Sie sind zuversichtlich, dass der Radweg auf der ehemaligen Kleinbahnstrecke Casekow-Penkun-Oder kommt: Egbert Liskow (von links), finanzpolitische Sprecher der CDU-Lantagsfraktion, die Bürgermeister Mirko Ehmke (Grambow) und Gerd Sauder (Krackow), Bernd Schubert, Vertreter des Parlamentarischen Staatssekretärs für Vorpommern, und Karsten Stahl, Bauamtsleiter im Amt Löcknitz-Penkun.
Sie sind zuversichtlich, dass der Radweg auf der ehemaligen Kleinbahnstrecke Casekow-Penkun-Oder kommt: Egbert Liskow (von links), finanzpolitische Sprecher der CDU-Lantagsfraktion, die Bürgermeister Mirko Ehmke (Grambow) und Gerd Sauder (Krackow), Bernd Schubert, Vertreter des Parlamentarischen Staatssekretärs für Vorpommern, und Karsten Stahl, Bauamtsleiter im Amt Löcknitz-Penkun.
Fred Lucius

Auf der ehemaligen Kleinbahnstrecke Casekow-Penkun-Oder soll ein Radweg entstehen. Ein Millionen-Projekt – das jetzt eine weitere Hürde genommen hat.

Das ehrgeizige Projekt eines Radweges auf der einstigen Kleinbahnstrecke Casekow-Penkun-Oder (CPO) kann weiter verfolgt werden. Die Gemeinden Krackow und Grambow, die das Vorhaben mit dem brandenburgischen Casekow, der Stadt Penkun und der polnischen Großgemeinde Kołbaskowo verwirklichen möchten, bekommen einen Zuschuss für ihren notwendigen Eigenanteil.

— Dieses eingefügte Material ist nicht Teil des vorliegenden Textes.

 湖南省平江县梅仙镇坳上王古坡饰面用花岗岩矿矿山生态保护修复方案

Beide Gemeinden erhalten 50.000 Euro aus dem Strategiefonds des Landes. Dafür haben sich die CDU-Landtagsabgeordneten Beate Schlupp und Egbert Liskow eingesetzt, wie Bernd Schubert, Vertreter des Parlamentarischen Staatssekretärs für Vorpommern, am Montag in Löcknitz sagte. Für Grambow verbleibe damit ein „Rest“ von 34.000 Euro, Krackow muss im kommenden Jahr 77.000 Euro dafür in den Haushalt einstellen.

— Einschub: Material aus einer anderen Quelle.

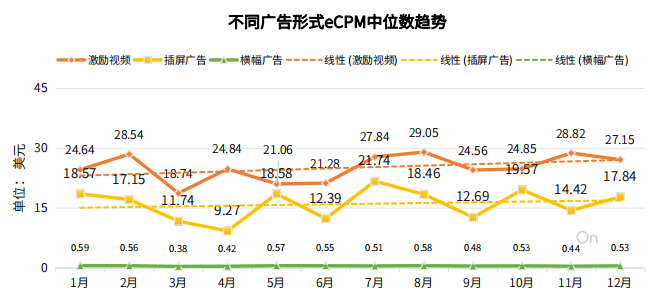 整体来看,广告变现市场的收益情况缓慢向上发展。eCPM峰期集中在寒暑假,游戏市场用户得到大量释放,激励视频eCPM分别在2月和8月达到28.54美元和29.05美元。

Bei positiven Votum Baubeginn im Herbst 2019

„Ohne diese Mittel aus dem Strategiefonds hätten die Gemeinden aus dem Projekt aussteigen müssen. Es hätte dann womöglich ganz vor dem Aus gestanden. Und wir hätten unsere brandenburgischen und polnischen Partner vor den Kopf gestoßen“, erklärte Schubert. Das Vorhaben sei fristgemäß bei der Pomerania eingereicht worden, die den Radweg auf dem ehemaligen Bahndamm zwischen Casekow und Stettin zu 85 Prozent über das Programm Interreg Va fördern soll. Die Pomerania entscheidet Anfang Dezember, ob das Projekt berücksichtigt wird.

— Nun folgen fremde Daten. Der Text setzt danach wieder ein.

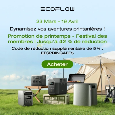 Les offres de printemps EcoFlow sont lancées — profitez de jusqu’à 45 % de réduction sur les stations d’énergie portables, panneaux solaires et solutions énergétiques pour la maison. Économisez jusqu’à 1 028 € sur les kits STREAM Ultra/Pro, parfaits pour l’alimentation de secours, les aventures en plein air ou pour réduire vos coûts énergétiques. Offres à durée limitée — achetez maintenant avant qu’elles ne disparaissent.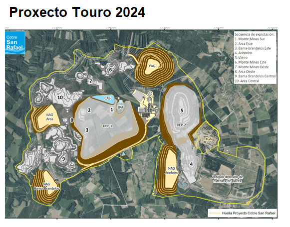 Estes días, sete anos despois, Lavandeira volve dar unha entrevista nun medio que a nós nunca nos publicará: “A España le ha tocado la lotería con la minería” (aquí), é o titular desta vez. Curiosamente a estrutura do artigo é moi similar ao de fai sete anos: apelando ás súas orixes no Carballiño e a súa experiencia en minas polo mundo adiante, esgrime practicamente o mesmo argumentario: a minería moderna é prácticamente infalibe, inocua medioambientalmente e compatible con “todo”. Se acaso fai algunha acotación no caso de Touro: “Presentamos un proyecto en el año 2018 y se nos rechazó en el año 2020 porque posiblemente no supimos explicar bien cómo era nuestro proyecto, que era totalmente nuevo“[…].Tras ese rechazo en el año 2020 hicimos un proyecto totalmente nuevo[…]”….Tanta “novidade” para explicar unhas liñas máis adiante que: “Es un yacimiento a cielo abierto, similar a Riotinto, con una vida prevista de unos 15 años“. Vaites! é unha mina de cobre a ceo aberto cunha explotación convencional de voadura e arranque…coa diferencia de que aquí en Touro nen sequera se transforma o concentrado de cobre, senón que se exporta.

Sollte das Votum positiv ausfallen, könnte im Herbst 2019 Baubeginn sein, sagte Karsten Stahl, Bauamtsleiter im Amt Löcknitz-Penkun. Auf polnischer Seite könnte es womöglich noch schneller gehen.

Ziel sind viele gemeinsame Veranstaltungen

„Das ist ein gutes Projekt, auch, weil alle es wollen. Deshalb haben wir uns dafür eingesetzt. Mit der Bewilligung ging es dann recht schnell. Nun hoffen wir, dass es auch mit der Umsetzung klappt“, sagte Beate Schlupp. Für Krackows Bürgermeister Gerd Sauder ist das Projekt nicht nur ein Radweg von A nach B, sondern auch eine Plattform, von der andere Aktivitäten ausgehen sollen. Denkbar seien etwa gemeinsame kulturelle und sportliche Veranstaltungen.

Die Kleinbahntrasse CPO, die 1899 in Betrieb genommen und bis zum Ende des Zweiten Weltkrieges genutzt wurde, ist 42,4 Kilometer lang, sieben Kilometer verlaufen auf polnischer Seite. Für den Radweg werden insgesamt 3,8 Millionen Euro veranschlagt.